McKibben noted that all he is calling for is a legislative debate on the
issue, but he said Democrats are so scared of the concept they will not
even consider talking about it.

"It's just dead wrong," he said. "What we did say as Republican Senate is
that the death penalty in the case of a kidnapping, rape and murder of a
minor child is something that ought to be debated in a chamber known as a
place of public discourse. The fact is the Senate Democrats will not let
us have a discussion."

McKibben also hoped the interim committee he now chairs, looking into sex
crimes punishments, would have included a study of the death penalty in
its scope of work as well. But that was not the case.

What the committee did spend a great deal of time discussing were the
residency restrictions, which state that a sex offender who victimized a
child cannot reside within 2,000 feet of a school or daycare. That law has
been the target of a considerable amount of criticism from some in the
legal community -- including prosecutors and defense attorneys alike.
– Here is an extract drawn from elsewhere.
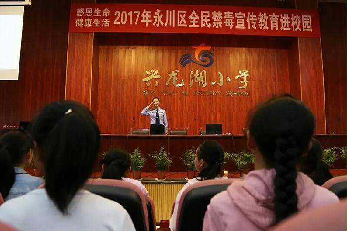 “大家知道林则徐虎门销烟的故事吗?……美丽的罂粟花为什么被称为罪恶之花?……”“我知道!我知道!”永川区兴龙湖小学的礼堂里传来孩子们争先恐后的抢答声,两百余名孩子们认真听讲,争先举手回答提问。
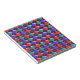 This awesome notepad has an abstract pattern with rows of red, light blue and dark blue diamonds on it. Each row is separated by a row of black diamonds. Each of the black diamonds has a hole in the middle of it. The top left of every single diamond looks like it is glistening. Here is the fun bit, you can fill in that hole with a choice of over 200 colours to make a unique design. Here the holes have been filled with a piercing bright pink colour as an example. To select your colour and see the effect it has on the design simply click on the “customise it” button, go to the colours section and click on background then select whichever colour you would like to put into the design. You can try as many colours as you like until you find the one that works for you.

However, McKibben said he did not believe there would be any substantial
changes to the law. He added that some definitions may be added and some
other language may be clarified so that prosecutors can better understand
legislative intent.

Rep. Lance Horbach, R-Tama, also part of that interim committee, noted
there are times when an offense needs to be considered on a case-by-case
basis.

He gave the example of a man in his district who was convicted of a sex
crime for a consensual relationship a girl who was 14 years old at the
time. The man was 18 years old.

Now, a decade later, they are married and have 3 children. Yet they are
being forced to move because of this new law.

Horbach noted that may be a different situation requiring a different type
of response when compared to a sexually violent child predator.